Step 7 – Next you will need to bleed any air from the slave cylinder assembly that entered during the replacement or reassembly process. This can be done with a single person brake bleeder kit, or you can utilize a second person to help by pressing the clutch pedal while you open and close the bleeder screw. In the case where you enlist the help of a friend, you will need to add brake fluid to the reservoir prior to starting the bleeding process, and may need to add fluid during the process to prevent air from entering the system.
Step 8 – Once the cylinder is bled completely, tighten the bleeder screw fully and clean the area with a microfiber towel or shop rag to remove any excess brake fluid. Be sure to fill the reservoir back to the full line and replace the cap on the reservoir when done, otherwise you are likely to have a mess on your hands.
Step 9 – With the clutch hydraulic system restored, you can now lower and test drive the vehicle to ensure the system is back to operating normally. You can test shift the transmission while the car is idling before driving it and ensure the feel is restored. As always, start the test drive slowly and easily to verify the clutch system is back to operating 100%. The transmission should be easy to shift between gears without grinding and you should no longer be experiencing any of the aforementioned symptoms of a bad slave cylinder.
Best Clutch Slave Cylinder Brands
When it comes to selecting a replacement clutch slave cylinder for your vehicle, there are many brands out there to select from. To help speed your search, we have provided three brands we highly recommend as we have found them to be of consistently good quality.
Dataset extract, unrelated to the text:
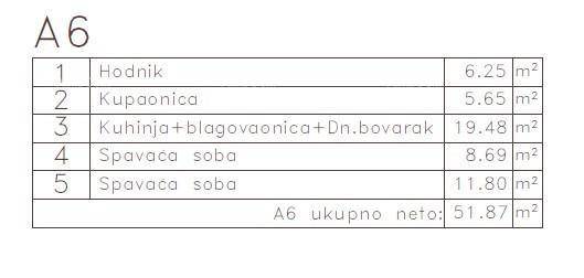 hodnika, kupaonice, kuhinje + blagovaonice, dnevnog boravka, 2 spavaće sobe. Ukupna neto površina: 51,87 m2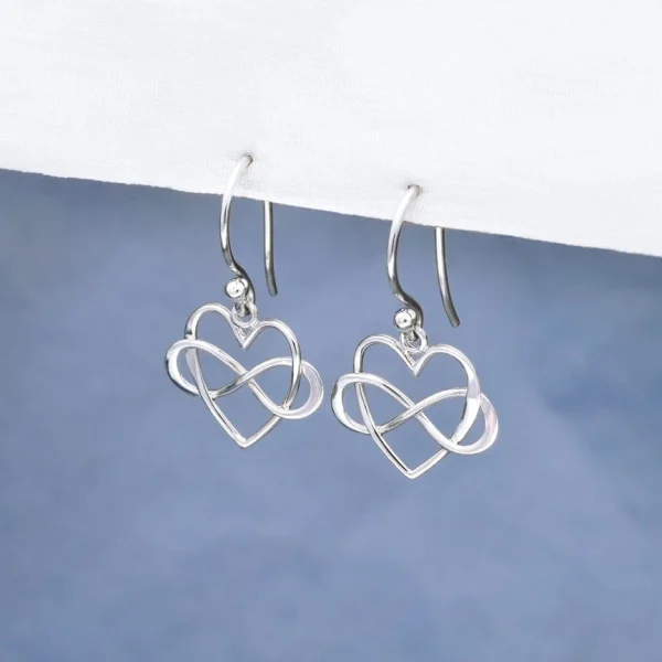 Örhängen är i form av ett hjärta omfamnad av oändliga symbolen.

Centric Parts has a complete hydraulic component line-up that includes clutch hydraulic replacement parts, brake master cylinders, brake hoses, and caliper repair kits. Their clutch slave cylinders are affordable and popular because they tend to last quite a while. Centric also offers a line of pre-filled clutch hydraulics to reduce issues to make life easier as you can skip the bench bleed. Overall, we think you’ll be happy if you choose a Centric slave cylinder.
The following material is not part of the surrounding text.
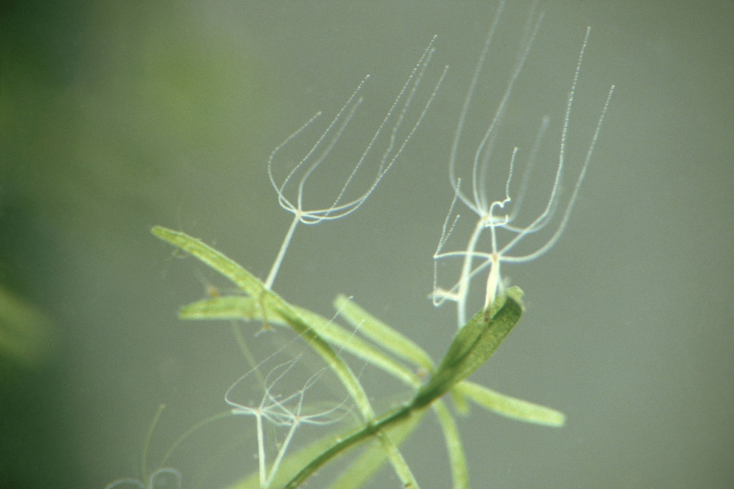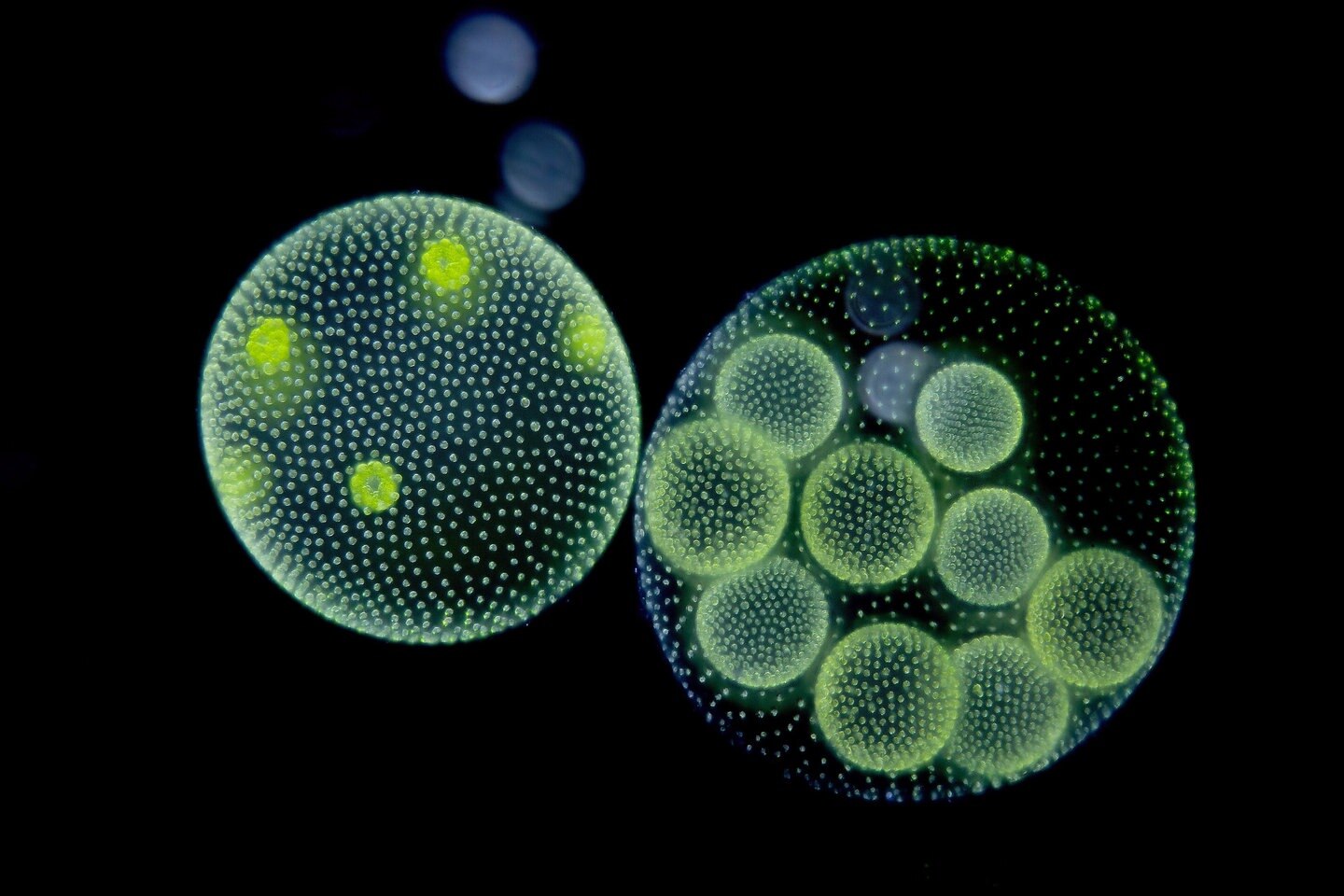 Ein Beispiel für eine planktonische Grünalge ist die Goldene Wimperkugel (Volvox aureus). Sie bildet Kolonien aus 500-1.500 einzelnen Zellen, die man mit dem bloßen Auge sehen kann. Die Zellen sitzen alle in einer gallertartigen Schicht, die eine Hohlkugel umschließt. Die Zellen sind mit Schleim- oder Plasmafäden miteinander verbunden. Aus jeder Zelle ragen zwei Geißeln (die „Wimpern") ins Wasser und gemeinsam können die Zellen die Kugel bewegen. Es kommt bei Volvox zum ersten Mal in der Evolutionsgeschichte zu zwei interessanten Begebenheiten. Zum einen haben einzelne Zellen eine Spezialfunktion: Es gibt Vermehrungszellen, die Tochterkugeln ausbilden. Zum anderen begegnet man bei Volvox zum ersten Mal dem Tod eines Organismus. Andere Kleinstlebewesen teilen sich in identischen Kopien endlos weiter oder bilden irgendwann Sporen. Ein direkter „Tod“ eines Individuums ist nicht wirklich nachzuweisen. Bei Volvox stirbt die Mutterkugel aber definitiv ab: Sie zerreißt, wenn die Tochterkugeln entlassen werden.

Rhinopac is known for building consistent quality products that meet or exceed OEM specifications. Overall their quality is good, and they offer a pre-bled line of clutch hydraulics similar to Centric which means that you can save time and potentially skip the bench bleed step. Overall the prices for their clutch hydraulic components are pretty affordable, and considering that they last, they tend to be a pretty good value. They are also pretty easy to find since they are pretty popular.
Dorman offers a complete line-up for a replacement slave cylinder for your clutch system. They use high-grade materials that meet and exceed OEM spec to increase long-term durability and reduce your chance to need another replacement in the future. This is obviously good for your peace of mind, but it’s also good for your pocketbook as you won’t have to replace a faulty part anytime soon since the quality is high.